_Assignment:_
What must be written out is each line from the one holding "Stylowa i wygodna" through the end of the records, word for word, minus any pictures.

_Stored data:_
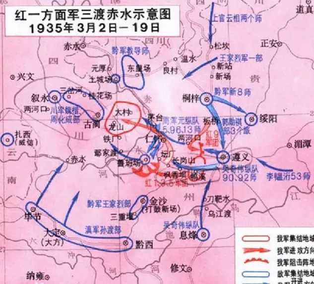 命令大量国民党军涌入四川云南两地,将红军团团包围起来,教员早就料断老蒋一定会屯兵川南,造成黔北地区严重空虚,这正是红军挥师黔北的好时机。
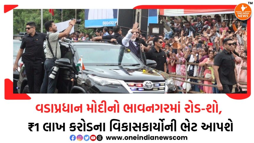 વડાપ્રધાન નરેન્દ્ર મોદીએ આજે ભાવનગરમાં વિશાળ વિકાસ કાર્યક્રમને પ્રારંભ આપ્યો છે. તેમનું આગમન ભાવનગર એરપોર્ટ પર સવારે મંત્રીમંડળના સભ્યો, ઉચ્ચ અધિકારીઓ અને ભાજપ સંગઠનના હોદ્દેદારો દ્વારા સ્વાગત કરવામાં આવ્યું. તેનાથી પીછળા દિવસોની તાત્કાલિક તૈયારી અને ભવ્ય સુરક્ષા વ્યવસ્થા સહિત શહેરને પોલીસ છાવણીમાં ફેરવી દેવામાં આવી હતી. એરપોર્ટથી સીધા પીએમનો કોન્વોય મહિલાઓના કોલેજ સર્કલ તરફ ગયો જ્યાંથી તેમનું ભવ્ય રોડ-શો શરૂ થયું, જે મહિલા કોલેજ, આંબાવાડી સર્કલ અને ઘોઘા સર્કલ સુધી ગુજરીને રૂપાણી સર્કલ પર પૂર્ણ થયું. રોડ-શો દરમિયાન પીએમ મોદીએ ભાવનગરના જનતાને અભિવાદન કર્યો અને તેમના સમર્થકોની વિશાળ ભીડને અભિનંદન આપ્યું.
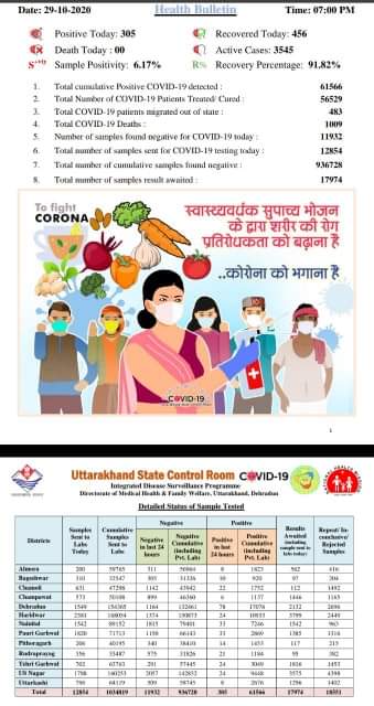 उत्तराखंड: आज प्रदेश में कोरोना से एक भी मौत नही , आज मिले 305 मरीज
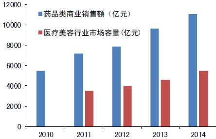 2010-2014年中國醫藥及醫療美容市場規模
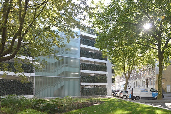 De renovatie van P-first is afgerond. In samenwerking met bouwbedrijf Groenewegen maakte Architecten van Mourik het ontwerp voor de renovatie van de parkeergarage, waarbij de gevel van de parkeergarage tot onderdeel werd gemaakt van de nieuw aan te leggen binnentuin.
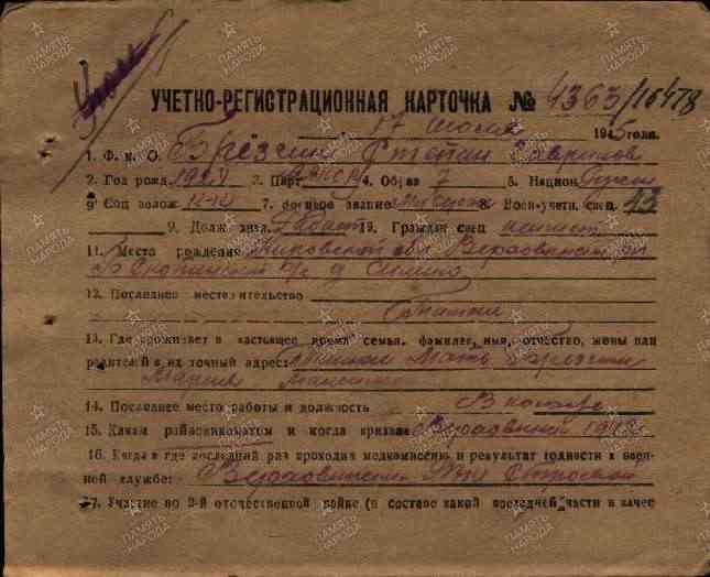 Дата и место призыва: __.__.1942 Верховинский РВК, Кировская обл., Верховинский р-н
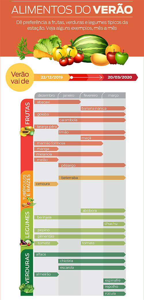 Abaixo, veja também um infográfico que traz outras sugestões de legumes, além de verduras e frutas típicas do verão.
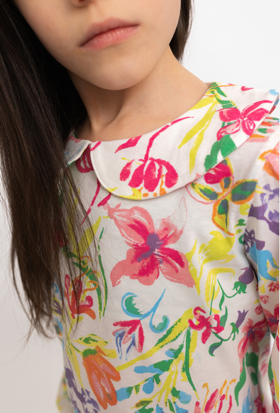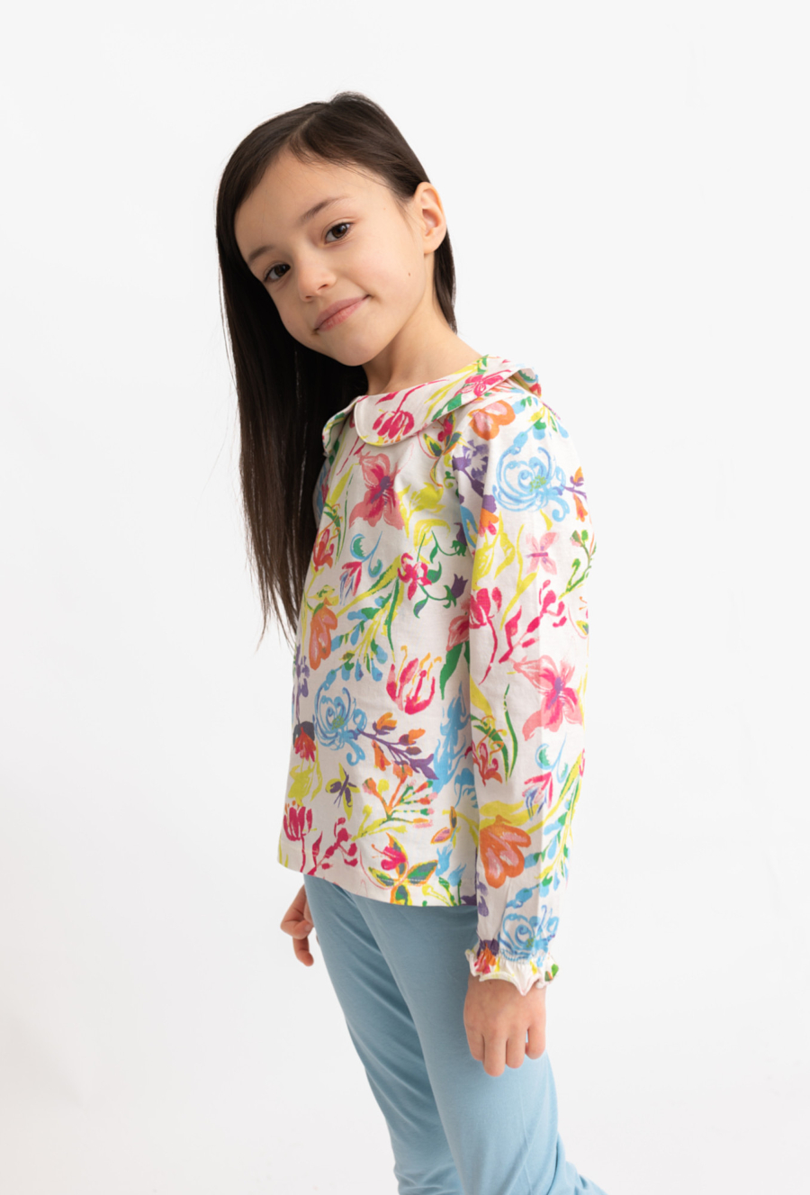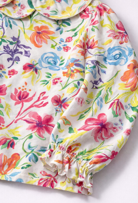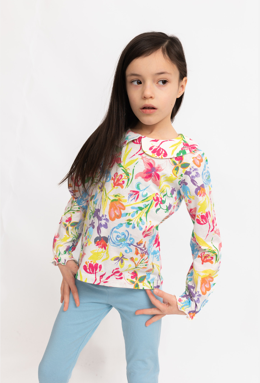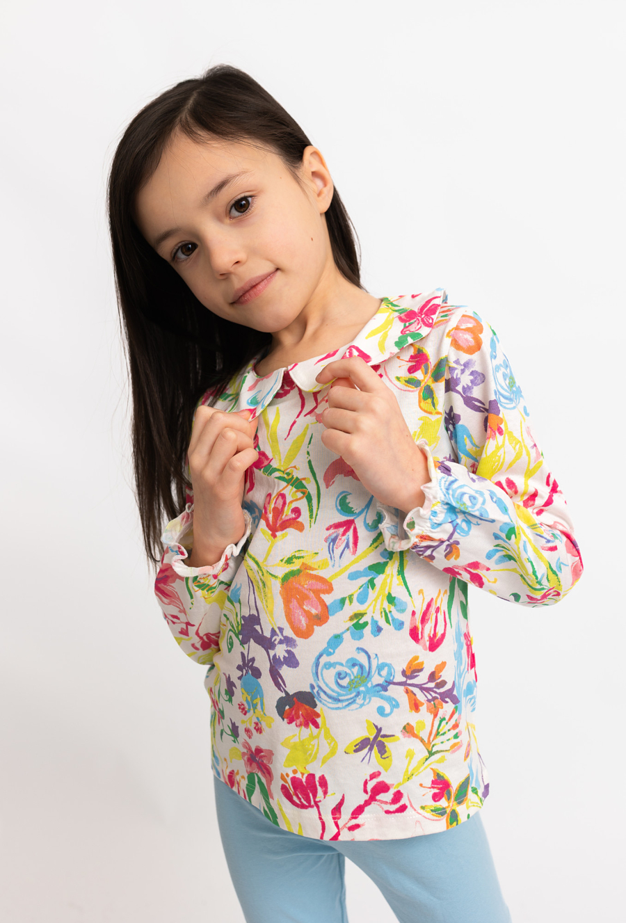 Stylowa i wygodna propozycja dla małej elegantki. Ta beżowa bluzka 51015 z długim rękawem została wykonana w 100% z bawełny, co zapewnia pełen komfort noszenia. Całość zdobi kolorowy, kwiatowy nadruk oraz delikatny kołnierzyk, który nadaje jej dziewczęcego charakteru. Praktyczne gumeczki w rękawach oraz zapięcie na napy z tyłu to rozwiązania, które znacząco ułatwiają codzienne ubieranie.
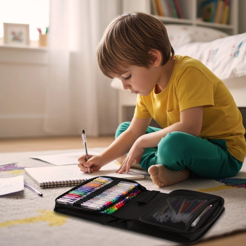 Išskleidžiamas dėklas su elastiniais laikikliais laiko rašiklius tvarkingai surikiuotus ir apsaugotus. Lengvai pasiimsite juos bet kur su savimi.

_Reply to the exercise:_
 Stylowa i wygodna propozycja dla małej elegantki. Ta beżowa bluzka 51015 z długim rękawem została wykonana w 100% z bawełny, co zapewnia pełen komfort noszenia. Całość zdobi kolorowy, kwiatowy nadruk oraz delikatny kołnierzyk, który nadaje jej dziewczęcego charakteru. Praktyczne gumeczki w rękawach oraz zapięcie na napy z tyłu to rozwiązania, które znacząco ułatwiają codzienne ubieranie.
 Išskleidžiamas dėklas su elastiniais laikikliais laiko rašiklius tvarkingai surikiuotus ir apsaugotus. Lengvai pasiimsite juos bet kur su savimi.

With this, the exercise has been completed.